Doug Forbis planned to coach children’s wheelchair sports until an injury sidetracked him. Now Forbis, 24, is pursuing a new path. He wants to be an educator. It’s a task he does not consider so very different from coaching. He will still advise, guide and teach skills. He will undoubtedly inspire students.
Forbis is completing his first year of graduate studies at Converse College, where he’s pursuing a master’s in teaching with a focus on intellectual disabilities. He also will be certified to teach students with emotional and behavioral disabilities. He ultimately aspires to teach physical education to children with special needs.
He does not consider himself an inspiration. He sees himself as a typical, 24-year-old guy who wants to be a teacher. In that regard, though, he’s just as inspirational as his fellow graduate students. Yet children he works with in the future might consider him a role model. Forbis has a condition known as sacral agenesis. The lower portion of his spinal column did not form. He was 2 years old when his legs were amputated because they were of no use.

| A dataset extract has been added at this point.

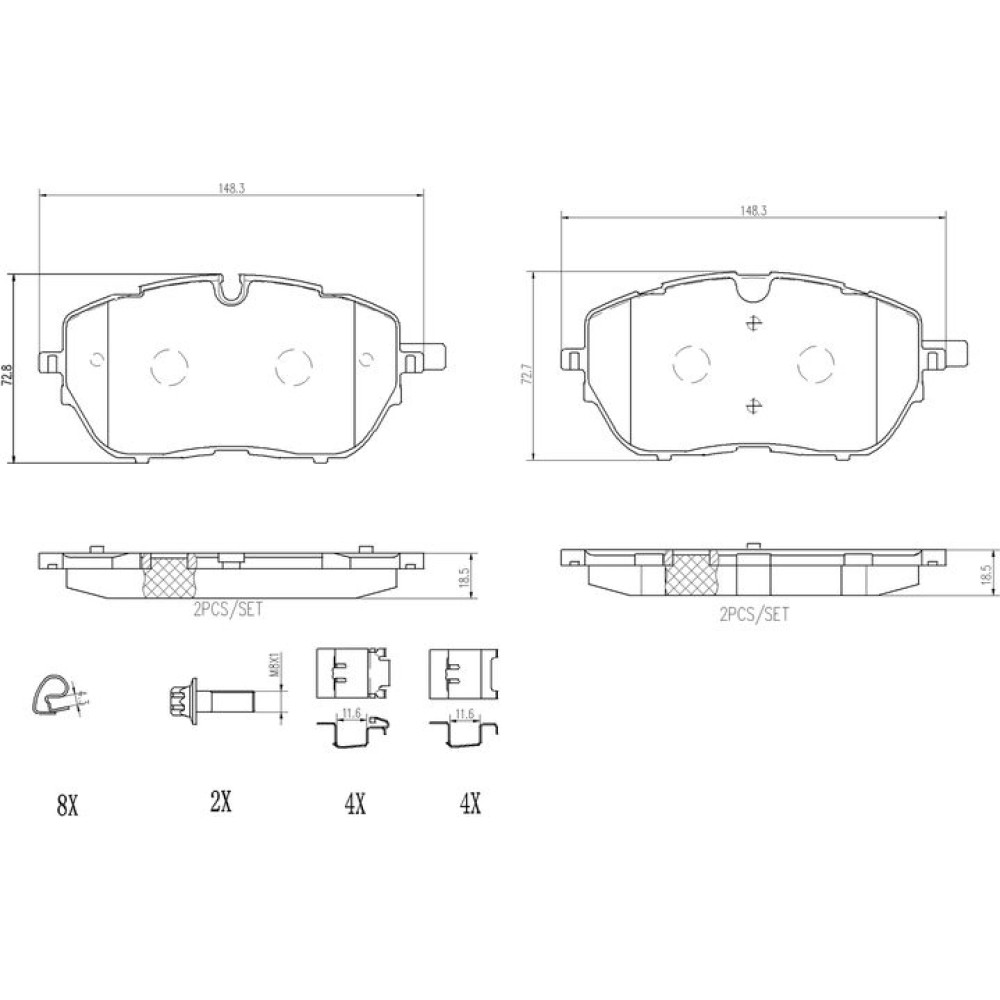 | Zusatzinformation | mit Zubehör mit Anti-Quietsch-Blech mit Bremssattelschrauben |

Forbis has not let the condition he was born with hold him back or keep him from pursuing goals with single-minded determination. He has been an athlete since he was a youngster. He began competing in wheelchair basketball at age 12. He also began to compete in wheelchair track with a team based in Charlotte, N.C., as well as the Dorman High School Cavaliers. He was a high school junior when Wheelchair Sports USA selected him to go to an international meet in Australia. Forbis found a “safe zone” in sports, he said. He could be himself. People, he said, did not tell him he was different or could not do that.
He was a sophomore at the University of Illinois when he developed tendinitis in his shoulders and upper back muscles. Despite the injury, he continued to compete injured for three years and trained for the Beijing 2008 Paralympics Games. There were days when the pain was so intense, it was a struggle to get out of bed. Forbis reevaluated his plans for the future. Eventually he decided to pursue a career in education.
In a 2003 interview with the Herald-Journal, Forbis said he would like to work with kids. “I love how real they are and the sense of discovery they have,” he said recently. Children, he said, love the world and take it all in. “Every kid has something they can do … our job as teachers is to help them develop their strengths,” he said.
Since college, Forbis has worked with children at camps. He also has done teaching clinicals at McCarthy Teszler School, Anderson Mill Road Elementary School and Dawkins Middle School. He has a course scheduled for this summer and will return to the classroom.
“Teachers have to think on their feet, and I’m used to that,” he said. He has worked with students from ages 3 to 21 with autism, Down syndrome, spina bifida and various disabilities, as well as those with no disabilities. He said he can reach disabled kids in a way others cannot. Even if his and their disabilities are very different, he can still provide a “positive life example.” They can look at Forbis and see someone who, despite physical limitations, does not limit himself — he drives, works and is in a relationship.Forbis said his parents always held him to the same standard as his “able-bodied” older sister.
Someone else who encouraged him was a special-education teacher named Ms. Lowry who taught Forbis in elementary school while his family lived in Denton, Texas. She taught him that people are more similar than different and we all have limitations of some kind. Like his parents, she let him know he could be whoever he wanted to be. People might tell a disabled child they “can’t” do something, Forbis said. Yet with support and encouragement to be everything they’re capable of, they can “blow you away.”